# Red Rufus/Agrobs



## MotherOfChickens (20 November 2016)

My supplier is losing patience with them as its taking more than 6 weeks to get an order (and he orders a fair amount)-his clients are now turning towards Thunderbrooks (which I don't want to feed). Now their online shop is closed for maintenance. Is anyone else having trouble?


----------



## PoppyAnderson (20 November 2016)

Always had trouble with them. There's obviously something going on behind the scenes, as they've never nailed their logistics. Such a shame, as it's such a fabulous food.


----------



## KittenInTheTree (21 November 2016)

I buy mine through GJW Titmuss, and haven't had any issues so far. Agree with previous poster, it's a great food


----------



## MotherOfChickens (21 November 2016)

I'm in Scotland-trouble is, people don't want to stop start feeds-especially this time of year. its a great product but I guess eventually it may well work out way too expensive to import anyway.


----------



## ester (21 November 2016)

I fitted as much into my Kia Rio as I could last time as there aren't any stockists near mum where frank now is so I stocked her up. That was mostly for convenience though as for a while it seemed like they had sorted it


----------



## Leo Walker (21 November 2016)

I was using it but you cant buy direct now and I dont have a local stockist, so thats that for me using them again


----------



## smellsofhorse (22 November 2016)

I had issues with it.
Suppliers 30 miles away, delivery quite expensive and the prices have gone up.

Ive given up on it!


----------



## Casey76 (22 November 2016)

I buy it directly from Germany as there are no distributers in France.  I'm hammered for delivery, but if it keeps my horses healthy...


----------



## MotherOfChickens (22 November 2016)

Casey76 said:



			I buy it directly from Germany as there are no distributers in France.  I'm hammered for delivery, but if it keeps my horses healthy...
		
Click to expand...

its fine to pay for delivery if you actually get delivery!


----------



## impresario08 (22 November 2016)

I'm having real problems with supply too :'(


----------



## Casey76 (22 November 2016)

MotherOfChickens said:



			its fine to pay for delivery if you actually get delivery!
		
Click to expand...

Yes, I've never had an issue with delivery.  It normally arrives 3-4 days after ordering - and it comes via parcel post lol!


----------



## criso (22 November 2016)

FrankieCob said:



			I was using it but you cant buy direct now and I dont have a local stockist, so thats that for me using them again
		
Click to expand...

Is that a recent thing, I had a delivery direct about a month ago.


----------



## MotherOfChickens (22 November 2016)

I've emailed them so see if they reply. My supplier told me that Agrobs would only send out 40 pallets worth direct (or something prohibitive like that) and while he was getting through it, that was too much (quite a new business). 

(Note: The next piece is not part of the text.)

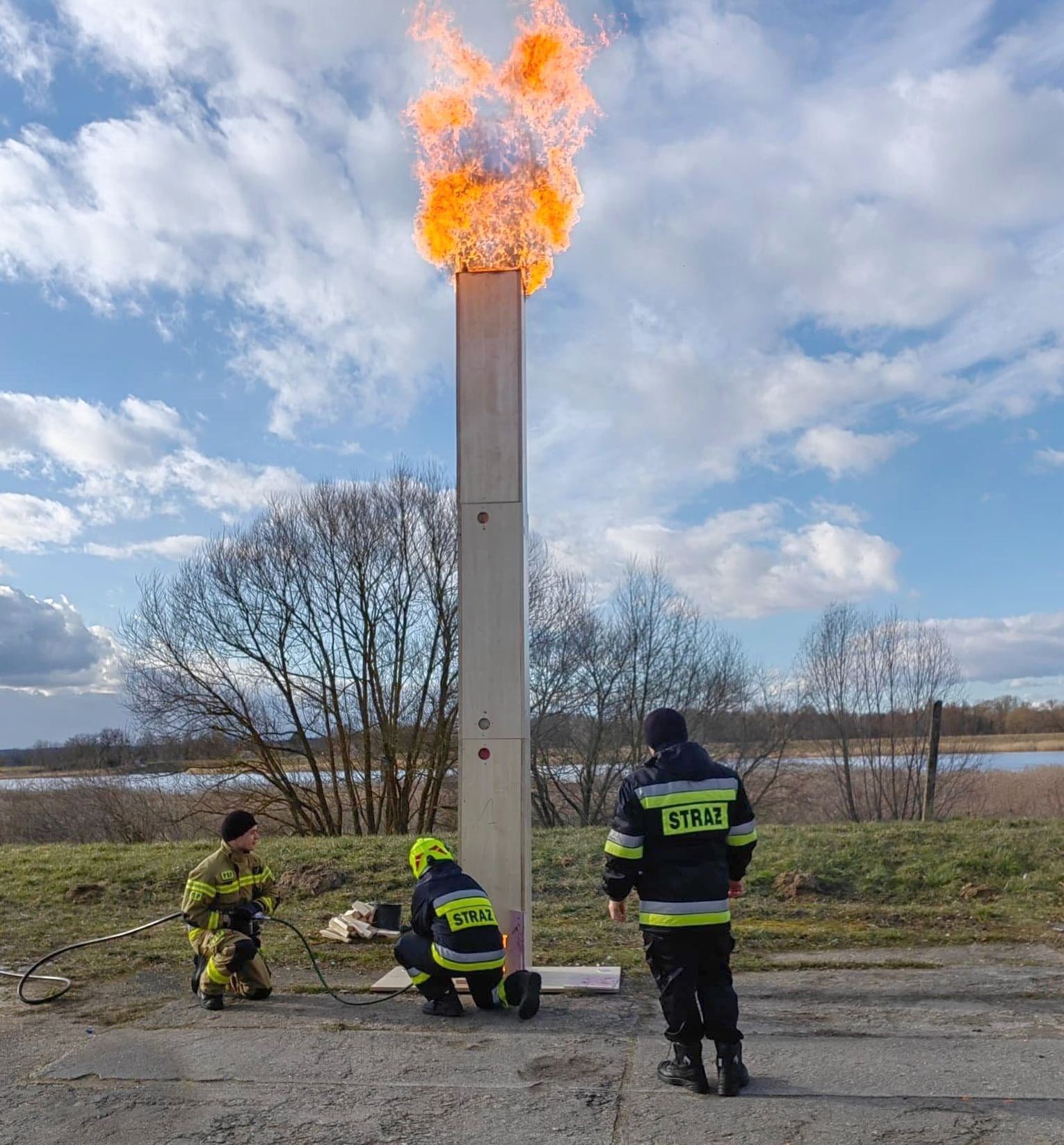 Druhowie z jednostki OSP w Piasku w gm. Cedynia 5 marca 2023 r. brali udział w ćwiczeniach z zakresu gaszenia pożaru komina przy użyciu lancy kominowej.

I dont really understand why a UK feed manufacturer can't produce something palatable that's not coated in some sort of oil (other than the plain chops available).


----------



## Leo Walker (22 November 2016)

criso said:



			Is that a recent thing, I had a delivery direct about a month ago.
		
Click to expand...

I went to order about 10 days ago and the shop is gone. No idea when it happened though.


----------



## criso (22 November 2016)

I've always phoned or if I'm out of the country for work message on facebook so never used the online shop.


----------



## meleeka (22 November 2016)

I've been using Thunderbrooks as I couldn't get hold of it last time, however my fussy mare has gone off it. I use the Meusli. I'm sure I read recently about a mainstream manufacturer making something similar soon?


----------



## smellsofhorse (24 November 2016)

Ive changed to Rowan Barbary soft soak green and Key flow pink mash with linseed and pro balance.
Much easier to get hold of!


----------



## equa39 (24 November 2016)

Exactly the same problem as my local suppliers - the order was too big.  I used to phone and order 4 bags for free delivery but consistently had delays, then the cost went too high, finally found a stockist about 20 miles away so would go there every month but they also began having problems getting the Agrobs stock in.  Such a shame as its a really good feed but I've been trying to change to similar for a while now as I think soon it will be impossible to get at all. I also don't want Thunderbrooks sso am a little stuck!!!!


----------



## WelshD (24 November 2016)

We stock feeds where I work and can get hold of this with no problems though admittedly we've had a price hike

Its always worth asking your local feed store if they can get this, we stock only a fraction of what we can actually get hold of


----------



## MotherOfChickens (24 November 2016)

WelshD said:



			Its always worth asking your local feed store if they can get this, we stock only a fraction of what we can actually get hold of
		
Click to expand...

neither of the other ones will touch it. equestrian-wise I'm in quite an old fashioned type area (the feedstore that was supplying it was nearer Glasgow) so they stock all sorts of molasses-coated stuff  

I have found another supplier down in the Borders so will stock up. tbh I dont see it lasting long term but hopefully I am wrong.


----------



## autumn7 (24 November 2016)

Is there any difference between the Agrobs Weisencobs and Thunderbrooks Hay Cobs? Aren't they the same thing?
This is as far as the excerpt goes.